The biannual Symposium on Advances in Alzheimer's Disease is organized by the Southern Illinois University (SIU) School of Medicine in Springfield, Illinois, the Department of Geriatrics at the Hopitaux Universitaires de Geneve, Switzerland, and the McGill University Faculty of Medicine in Montreal, Quebec.
Recently (March 26) Prana announced that Forbes.com had added PBT-1 to its list of “neurological drugs to watch”, highlighting the most promising experimental drugs to treat diseases of the brain and nervous system. Prana also recently announced (7 April) that a publication in the Journal of Neuroscience added further support to Prana’s theory that metals in the brain, rather than proteins on their own, are responsible for the pathology of Alzheimer’s Disease and that attenuating the action of these metals, with drugs like PBT-1, may hold the key to effective therapeutic intervention.

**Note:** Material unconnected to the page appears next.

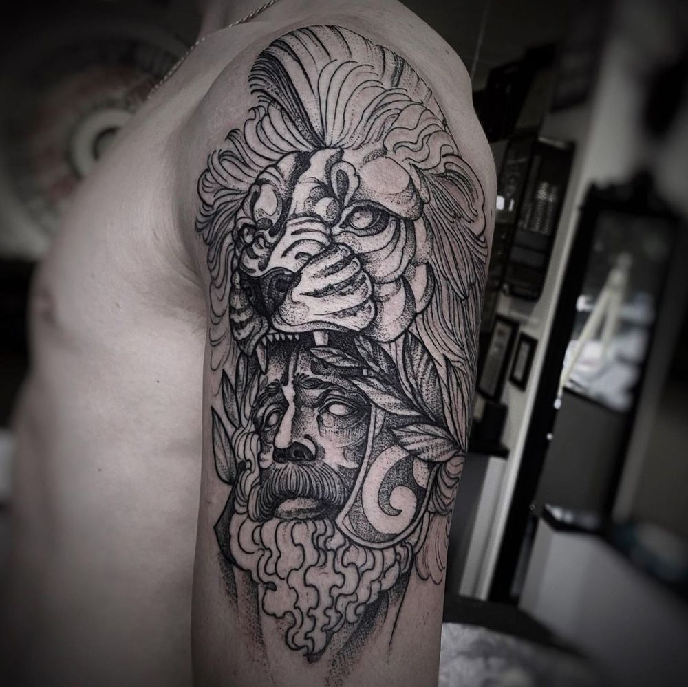 Capture the intensity of lion and man with intricate dotwork and black & gray shading by Lamat. Perfect for upper arm placement.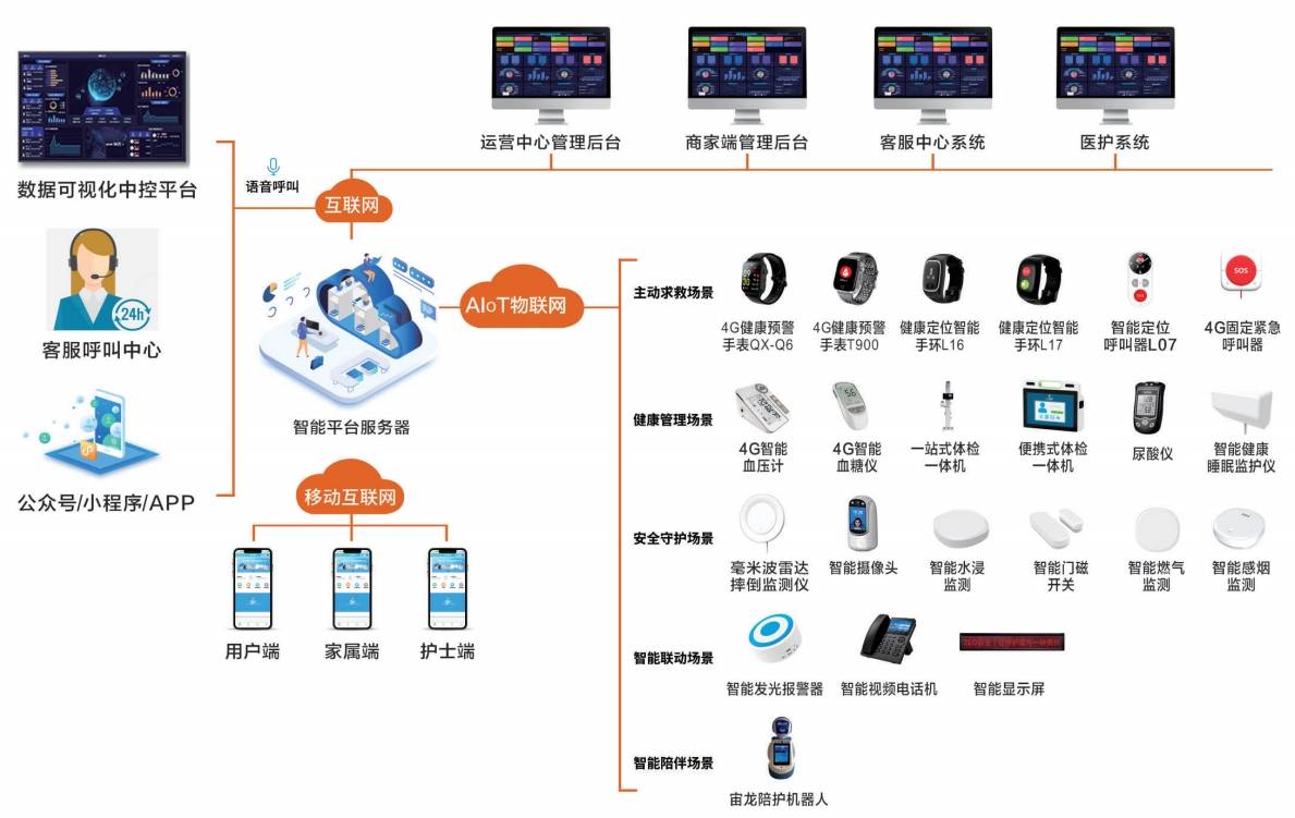 七彩喜的智慧康养整体解决方案,并非单一产品的堆砌,而是一套覆盖"居家-社区-机构"全场景、贯穿"监测-干预-照护"全流程的系统工程。

PBT-1, also called clioquinol, is an example of a Metal Protein Attenuating Compound or MPAC. It is a small molecule that binds metal ions. Due to its small size and solubility in lipid, PBT-1 is able to enter the brain from the bloodstream and bind to zinc. This action can remove the zinc already bound to amyloid beta and bind free zinc to prevent its association with amyloid beta protein.